As funding debates are dominated by elder care, there are others whose needs are ignored while the services they depend on are starved of cash
he government appears to have finally accepted the dire state of social care funding with the announcement of a new green paper. Whichever party takes power after the general election, social care funding should get the attention it so desperately needs – but will that be true for all aspects of the sector?
I’m concerned that the debate on the future of funding is dominated by elderly care services. While the need to provide these is essential, they are not the only demands on scarce social care budgets.
As the chief executive of a social care provider that supports individuals with learning disabilities, autism, brain injuries and a host of complex and challenging conditions, I know there are many people who need support for their entire lives – not just in the final few years.
These are some of the most vulnerable members of society and there is a real possibility that their needs will be ignored while the services they depend on continue to be starved of cash.
So how can the green paper best serve the needs of people with learning disabilities, autism and challenging behaviour?
Crucially there can only be real progress in the efficient delivery of social care if we achieve full and meaningful integration with the NHS. We cannot continue to treat these two systems as separate; to do so perpetuates the bureaucratic nightmare that denies people the opportunity to manage their own health in ways that supports their choices and independence.

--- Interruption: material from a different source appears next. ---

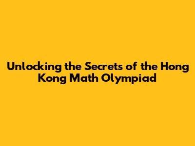 Unlocking The Secrets Of The Hong Kong Math Olympiad

Often, people using adult social care services also have lifelong health conditions that need regular monitoring and treatment. Under our antiquated dual system approach there are often disputes between health and social care as to who pays the bill, meanwhile service users suffer through endless delays. Increased access to joint personal budgets would put individuals’ needs first and reduce unnecessary distress.

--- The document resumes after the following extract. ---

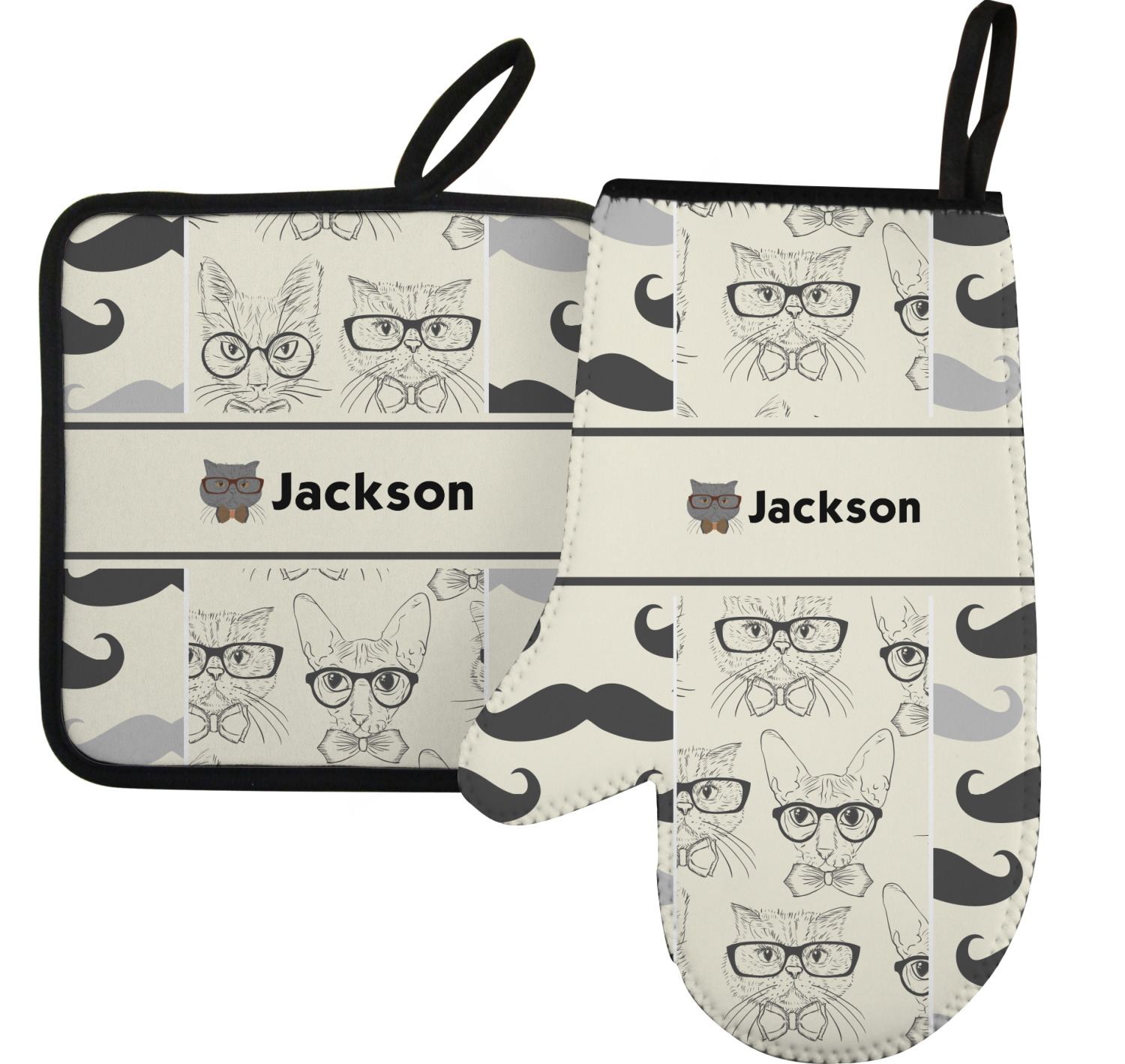 Mustache & Lip Designs for Left Oven Mitt & Pot Holder Sets

Service users get access to leading edge therapies with increased quality of care and positive outcomes. This then leads to greater levels of independence and less reliance on costly state-funded care. Everyone wins.
And what of the additional funding – how much is enough? Much has been made of the £5.3bn Better Care Fund set up in 2013, as well as the social care preceptannounced in late 2016. Yet the former has, in many cases, not made its way to the frontline and the latter will just exacerbate regional differences in the quality and quantity of care provision.
I also worry that with such intense competition for funding, the learning disability community will be last in line for any additional monies.
Until recently, budgets have been reasonably well protected as the lifelong nature of a learning disability was recognised. But with the current funding crisis we are being targeted as a high cost service, and budgets are often arbitrarily reduced, which impacts on individuals’ quality of life. There is the argument that we will all grow old and should plan for our needs in old age. But we are not all born with a learning disability or autism – it is not a lifestyle choice. The most vulnerable need protecting.
Finally, the green paper must explore ways to professionalise social care as a career to attract the brightest and best. The skills required to work with a young man with challenging behaviour are vastly different to those required in elderly care, and we must ensure that we create a system that rewards and celebrates both. The green paper should recognise that labelling all care workers as one homogenous group does them a disservice, undermines their status and leads to a poorer adult social care system.
I would like to see care workers given more training in specialisms relevant to certain client groups, similar to the division of skills we see among nurses in the NHS. These specialisms, in learning disability and autism for example, would have their own nationally recognised qualifications and professional membership bodies. These measures alone would start to create a parity of esteem between health and social care.
The green paper must be bold enough to recognise the needs of all social care service users, especially the younger people who are too often ignored. This should not be a competition for funding. We need a fair and lasting deal for all.